Rollo did not mean that he was going to run up the mountain, but he did not explain what he did mean, for he thought that Jonas would laugh at him, if he told him he was afraid of the bears. So he said,

"Jonas, don't you wish you were going with us?"

"I should like it well enough, but I must stay at home and mind my work."

"I wish you could go. I will go and ask my father if he will not let you."

Rollo ran into the house with great haste and eagerness, leaving all the doors open, and calling out, "Father, father," as soon as he had begun to open the parlor door.

"Father, father," said he, running up to him, "I wish you would let Jonas go with us to-morrow."
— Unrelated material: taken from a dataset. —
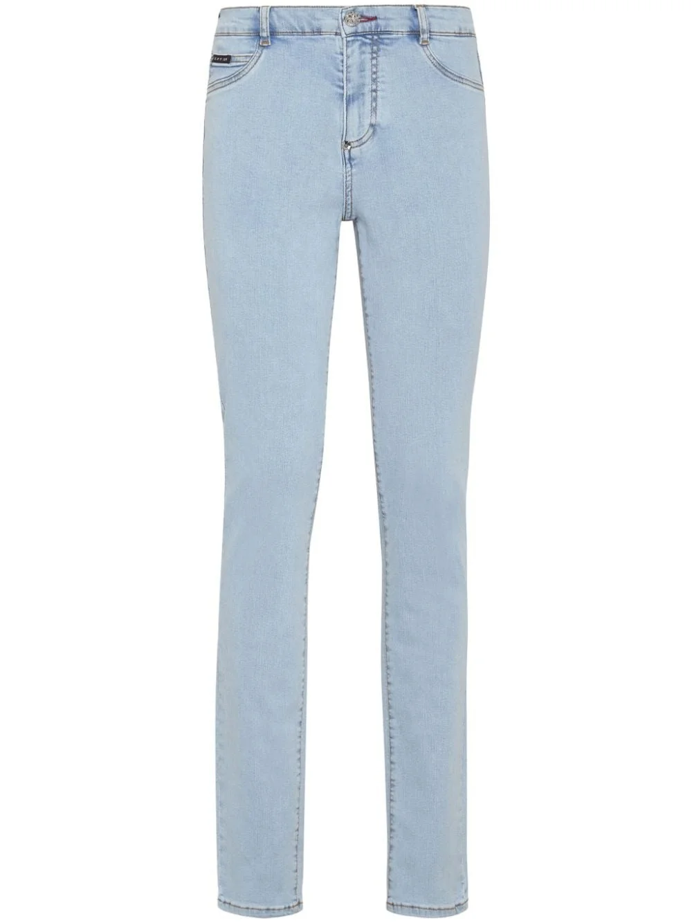 logo-plaque skinny-cut jeans Highlights - Ice blue - Cotton - Denim - Logo plaque - High-rise - Concealed fly and button fastening - Belt loops - Skinny cut - Classic five pockets Imported Composition Cotton 100% Washing instructions Read Manufacturer Guidelines

Now, Rollo's father had come home but a short time before, and was just seated quietly in his arm-chair, reading a newspaper, and Rollo came up to him, pulling down the paper with his hands, and looking up into his father's face, so as to stop his reading at once. Heedless boys very often come to ask favors in this way.


[Illustration]

The Way to Ask a Favor.

His father gently moved him back and said,

"No, my son, it is not convenient for Jonas to go to-morrow. Besides, I am busy now, and cannot talk with you;—you must go away."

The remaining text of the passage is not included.